What you will do
Copy verbatim the block of lines in the entries below whose first line contains "1일 오후 경기도 수원체육관에서" and whose last line contains "11月3日下午,浙江财经大学". Leave out all other lines.

Data records
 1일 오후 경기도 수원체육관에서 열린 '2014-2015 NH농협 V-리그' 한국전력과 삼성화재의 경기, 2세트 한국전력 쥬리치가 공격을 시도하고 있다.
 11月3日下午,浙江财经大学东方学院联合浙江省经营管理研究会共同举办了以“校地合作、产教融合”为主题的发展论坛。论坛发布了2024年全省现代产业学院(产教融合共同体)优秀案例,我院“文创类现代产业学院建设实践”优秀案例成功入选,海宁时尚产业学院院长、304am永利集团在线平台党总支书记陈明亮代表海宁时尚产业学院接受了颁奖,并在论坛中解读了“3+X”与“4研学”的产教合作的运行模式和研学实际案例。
---
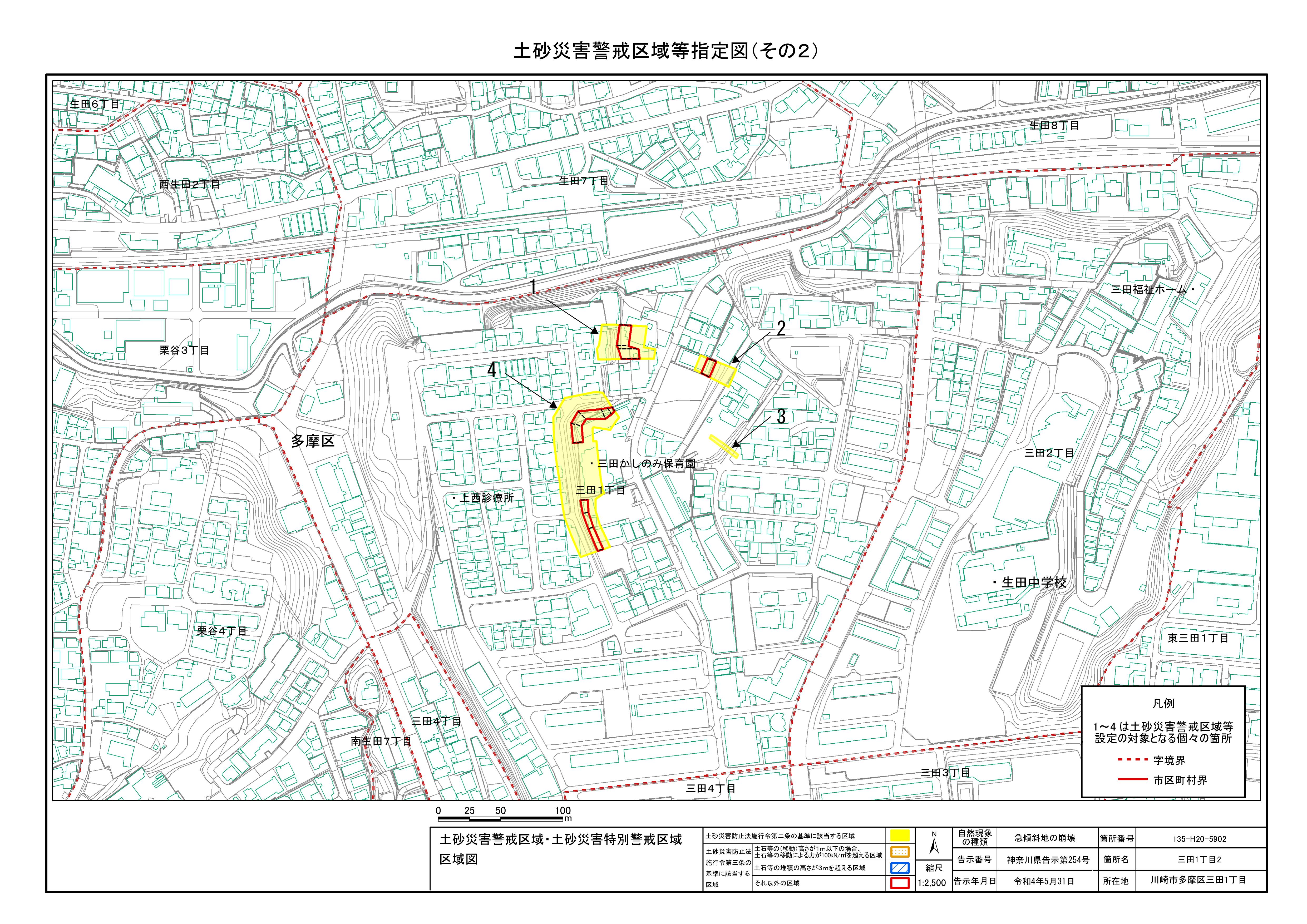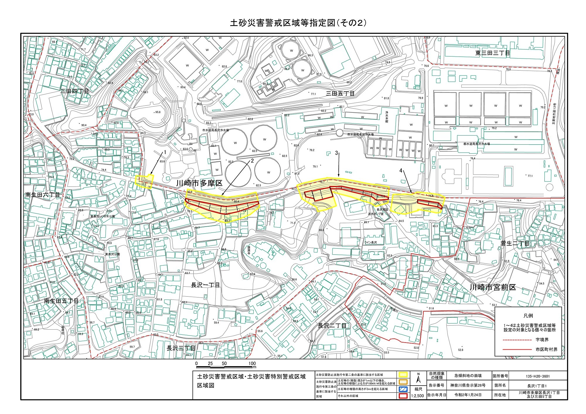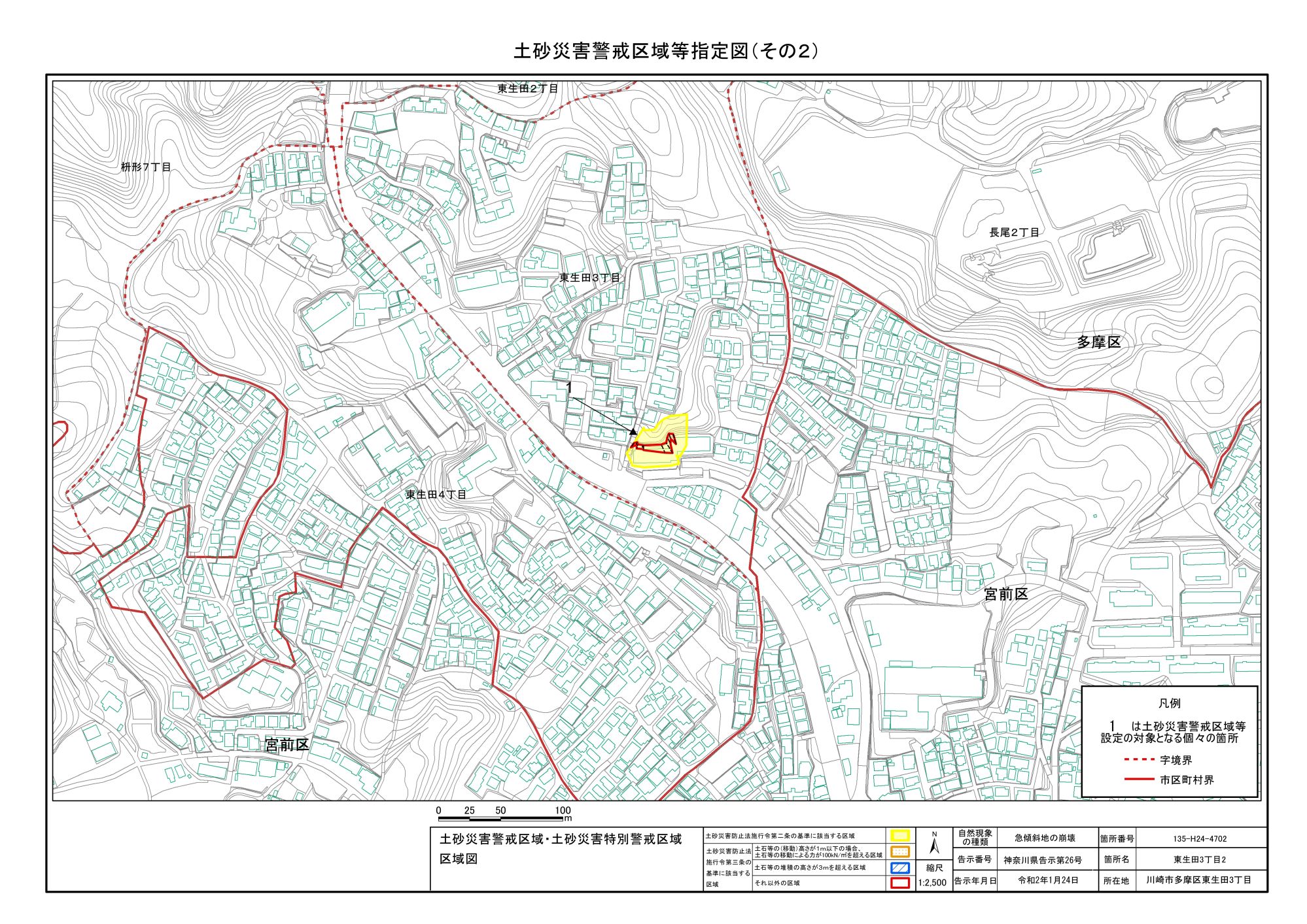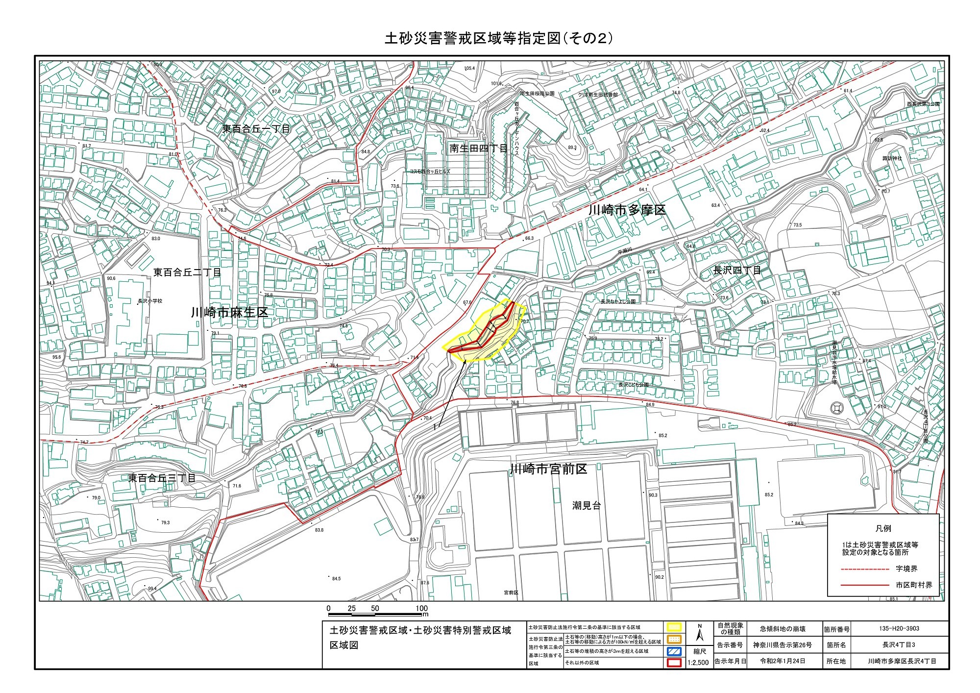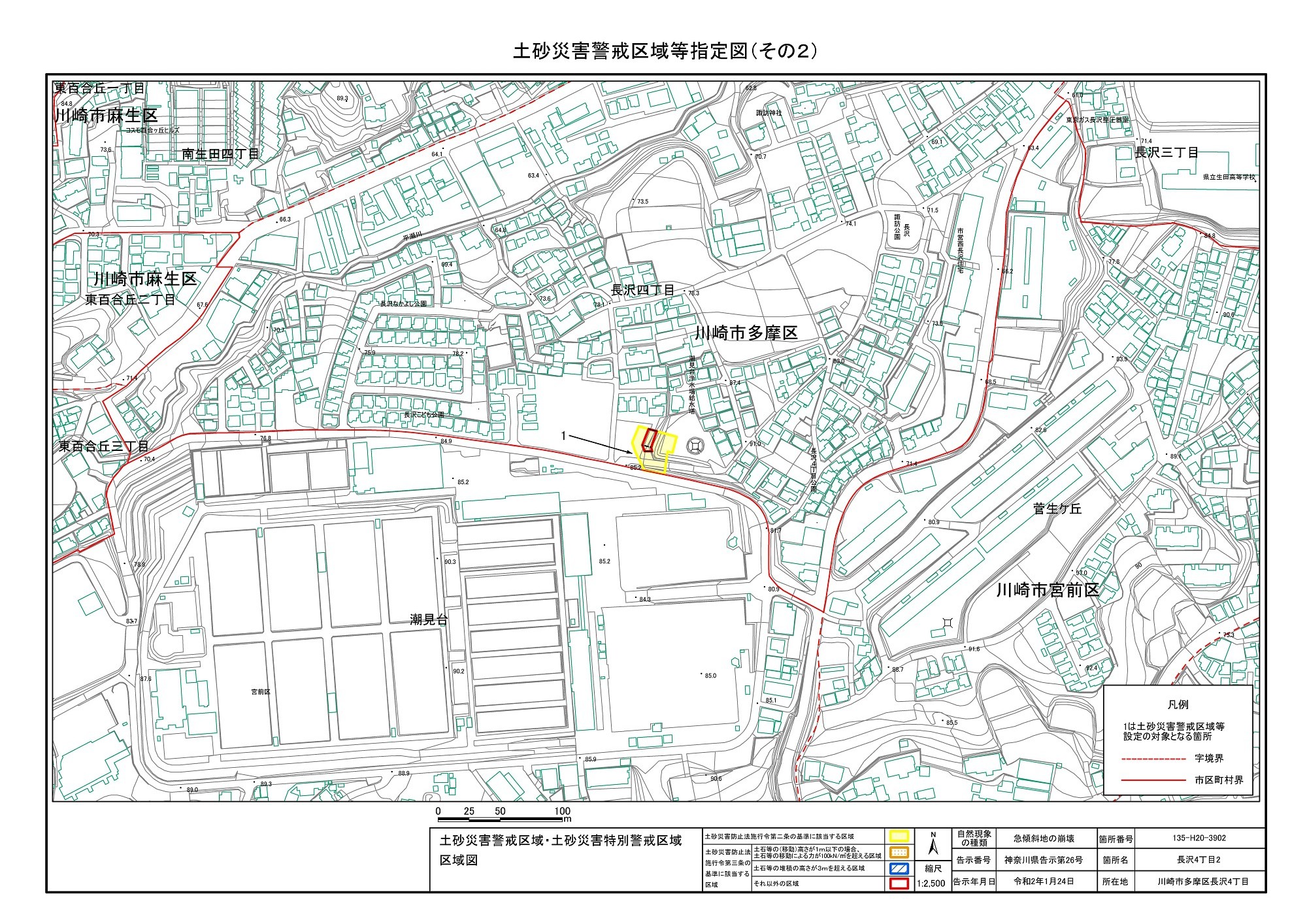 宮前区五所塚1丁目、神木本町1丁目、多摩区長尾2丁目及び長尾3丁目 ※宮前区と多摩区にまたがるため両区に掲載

Expected output
 1일 오후 경기도 수원체육관에서 열린 '2014-2015 NH농협 V-리그' 한국전력과 삼성화재의 경기, 2세트 한국전력 쥬리치가 공격을 시도하고 있다.
 11月3日下午,浙江财经大学东方学院联合浙江省经营管理研究会共同举办了以“校地合作、产教融合”为主题的发展论坛。论坛发布了2024年全省现代产业学院(产教融合共同体)优秀案例,我院“文创类现代产业学院建设实践”优秀案例成功入选,海宁时尚产业学院院长、304am永利集团在线平台党总支书记陈明亮代表海宁时尚产业学院接受了颁奖,并在论坛中解读了“3+X”与“4研学”的产教合作的运行模式和研学实际案例。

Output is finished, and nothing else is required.